Who was rebelling and who was vlogging? Legally, it doesn’t really matter. They were one and the same this week. But when we place this moment within the longer narrative of culture, progress, and technology, I think it does and will matter quite a bit.

Rheingold lamented the common hope (“ever-latent in the breasts of the citizenry”) that technology will solve past problems without creating new ones. Of course it can’t do that. And in some respects, new problems signal progress as much as new solutions do. But when I re-read his words — “ever-latent in the breasts of the citizenry” — I think not of a hidden, concealed, existing-but-not-yet-manifest hope, but a hidden, concealed, existing-but-not-yet-manifest reality made possible by thirty years of the internet. And not just one latent reality, but as many of them as there are people who express them and agree. A clustering of ID and ego-born realities legitimized by the shine of a technological package and the easy endorsement of a like or share.

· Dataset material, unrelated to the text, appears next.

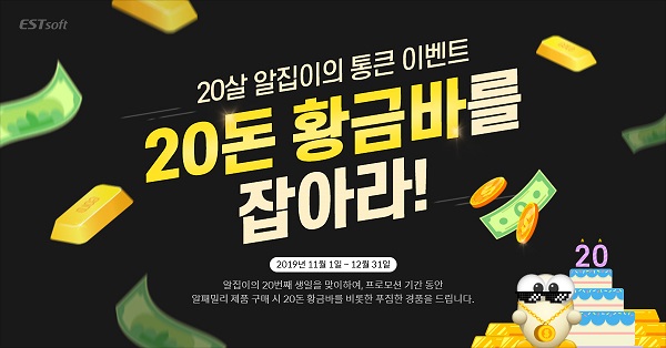 이번 ‘20살 알집이의 통큰 이벤트’는 ‘알약’과 ‘알툴즈’ 등 자사 제품을 50만 원 이상 구매한 기업, 공공, 교육 분야의 전 고객을 대상으로 진행된다.

I wonder what sorts of defenses will be mounted in courts on behalf of the YouTubers, Twitchers, and Instagrammers who stormed the Capitol. Will it be that they didn’t know that what they were doing was wrong? That they didn’t know they were committing treason and not just creating content? Or will it be that they actually were not able to know the difference? As far-fetched as insanity pleas typically are, I wonder about future defenses that the increasing density of our filter bubbles may afford. Time will tell.

The internet has been the object of every kind of criticism and blame you can imagine. Certain corners of it more so than others. Sometimes the complaint has been that the technology gives voice to the profane. Sometimes it’s that the technology worsens inequality. Sometimes it’s our humanity we are worried about, and how using technology rewires our brains in the image of the machine. All these have had their time in the critical conversation. But what of the role technology has in simulating a reality within a reality? When it does this, it does it invisibly — wrapping itself around a person — without an edge or boundary that anyone can see or trace. These simulated realities create and shape minds just as the outer — the real — reality does.

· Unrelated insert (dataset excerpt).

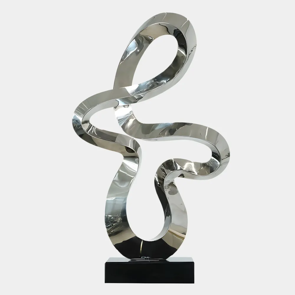 The Quantum Drift Sculpture is a striking expression of modern artistry designed to bring sophistication and movement to any space. Crafted from high-quality stainless steel, its fluid twisting form creates a captivating visual flow evoking a sense of continuous motion. The polished silver finish enhances its reflective qualities allowing it to interact dynamically with light and its surroundings. Its balanced proportions make it a versatile statement piece seamlessly fitting into both intimate interiors and expansive spaces.

It is often said that “there are two Americas,” a metaphor highlighting cultural and economic divides. But there aren’t just two Americas. There are thousands, if not millions, of Americas. Sorting the real from the simulated, the legitimate from the illegitimate, the American from the seditious, is, in theory, a job for a kind of technology. And yet, what strange, metastatic chaos future would such a technology create?

We now have a reality problem, created by a culture which has irrevocably fused with its technology. And just like any symbiosis, one cannot survive without the other.